Dataset content.
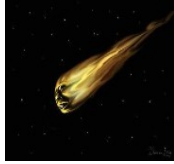
Satan, falling like lightening from Heaven
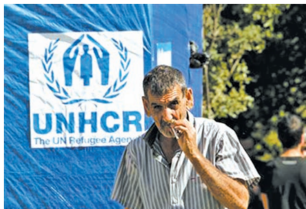
A Syrian refugee smokes during the visit of UN High Commissioner for Refugees (UNHCR) Antonio Guterres in Katermaya village in the Chouf mountains on 14 March, 2013.

The agreement requires approval of regional heads of state. Ivory Coast recorded the first in a series of hijackings targeting tankers carrying refined petroleum products in October. The ships and their crews were all released but their cargoes were stolen.—Reuters

What you will do.
Could you give the material again exactly as it stands, omitting any image?

Exercise answer.
Satan, falling like lightening from Heaven
A Syrian refugee smokes during the visit of UN High Commissioner for Refugees (UNHCR) Antonio Guterres in Katermaya village in the Chouf mountains on 14 March, 2013.

The agreement requires approval of regional heads of state. Ivory Coast recorded the first in a series of hijackings targeting tankers carrying refined petroleum products in October. The ships and their crews were all released but their cargoes were stolen.—Reuters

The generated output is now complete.